Out-Law News 2 min. read

Agreement to promote competition and investment in Kenya’s telecoms sector


The Communications Authority of Kenya (CA) has signed an agreement with the World Bank’s International Finance Corporation (IFC) to promote competition and investment in Kenya’s telecoms sector and strengthen the regulatory environment.

The CA said it wanted to develop “a pro-competition framework for spectrum management in Kenya... ensure a level playing field for investors, facilitate the expansion of wireless communications and support capacity building on competition policy and regulation in the communications sector”.

Under the terms of the agreement, the IFC will provide technical support on “strengthening collaboration” between the CA and the Competition Authority of Kenya (CAK), to “safeguard and encourage effective competition” in the telecoms sector.

The IFC will also assist in the development of a cooperation agreement or memorandum of understanding between the CA and CAK, aimed at drawing up a “common action plan based on international practices and the Kenyan legal framework”, the CA said.

According to the CA, the agreement with the IFC is part of the corporation’s ‘Kenya Regulatory Reform Programme’, which provides advisory services to help boost the development of the private sector in the country.

Kenya liberalised its telecoms sector in 2000, but the IFC said “a first attempt to privatise troubled, state-run Telkom Kenya got bogged down and went nowhere”. “Telkom Kenya enjoyed a monopoly on landline operations in the East African country, but its business suffered as Kenyans eagerly swapped fixed-line phones for mobiles,” the IFC said. “Inefficiency and mounting debt also plagued to company's operations.”

At the request of the Kenyan government, the IFC helped support what it said was Telkom Kenya’s “rebirth”, by helping it secure $81 million in financing for restructuring. The financing was secured by pledging part of Telkom Kenya's 60% stake in Safaricom, “a hugely successful mobile phone operator and one of Kenya’s most profitable companies”, the IFC said.
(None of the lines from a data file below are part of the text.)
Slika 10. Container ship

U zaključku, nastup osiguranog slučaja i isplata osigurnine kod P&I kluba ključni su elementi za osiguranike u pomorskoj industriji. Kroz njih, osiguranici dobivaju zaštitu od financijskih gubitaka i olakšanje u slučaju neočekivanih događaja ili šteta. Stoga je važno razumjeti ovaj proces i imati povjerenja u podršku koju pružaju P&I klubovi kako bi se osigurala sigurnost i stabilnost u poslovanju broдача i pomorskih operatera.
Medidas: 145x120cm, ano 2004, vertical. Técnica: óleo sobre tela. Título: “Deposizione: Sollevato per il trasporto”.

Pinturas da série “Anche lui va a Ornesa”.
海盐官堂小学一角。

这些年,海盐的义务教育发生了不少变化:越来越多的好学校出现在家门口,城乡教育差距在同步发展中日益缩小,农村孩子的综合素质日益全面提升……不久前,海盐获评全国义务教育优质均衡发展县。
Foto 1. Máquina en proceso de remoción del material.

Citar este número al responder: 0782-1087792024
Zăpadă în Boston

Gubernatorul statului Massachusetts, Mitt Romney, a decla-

The IFC then ran a bidding process for 51% of Telkom Kenya, which was won in late 2007 by a consortium led by France Telecom with a bid of $390m. The bid exceeded the $300m reserve price. The IFC also helped Telkom Kenya unbundle its stake in Safaricom, with ownership being transferred to Kenya’s government.

The IFC said: “The successful restructuring and sale of Telkom Kenya, and subsequent listing of Safaricom on Nairobi's stock exchange, both involved participation by foreign investors, injecting confidence back into the country’s economy at a difficult time.”
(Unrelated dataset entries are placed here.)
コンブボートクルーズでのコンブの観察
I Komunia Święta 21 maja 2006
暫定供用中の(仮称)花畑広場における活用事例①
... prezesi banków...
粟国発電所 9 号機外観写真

Safaricom was the first operator in Kenya to launch mobile data services in 2003 on the 2G platform and was the first to launch its 3G platform in 2008. The company said it has more than 3,200 base stations in Kenya, “nearly half of which are 3G-enabled”.

Last December, Safaricom launched its Long Term Evolution (LTE) advanced 4G network, initially covering Nairobi and Mombasa, “before scaling up coverage in other major towns”.

A joint report published in 2012 by the World Bank and African Development Bank, with support from the African Union, said that, at the start of 2012, Africa’s mobile telephony market was “bigger than either the EU or the US. Some 68,000 kilometres of submarine cable and over 615,000 km of “national backbone networks” had already been laid to boost connectivity across the continent, the report said.

According to a survey published last June by Swedish telecommunications firm Ericsson (8-page / 224 KB PDF), total mobile subscriptions in sub-Saharan Africa stood at about 70% at the end of 2013, compared to about 92% globally, and digital technology is “fast becoming a part of everyday life” in the region. Africa’s mobile data traffic is predicted to grow around 20 times between the end of 2013 and the end of 2019, the survey said.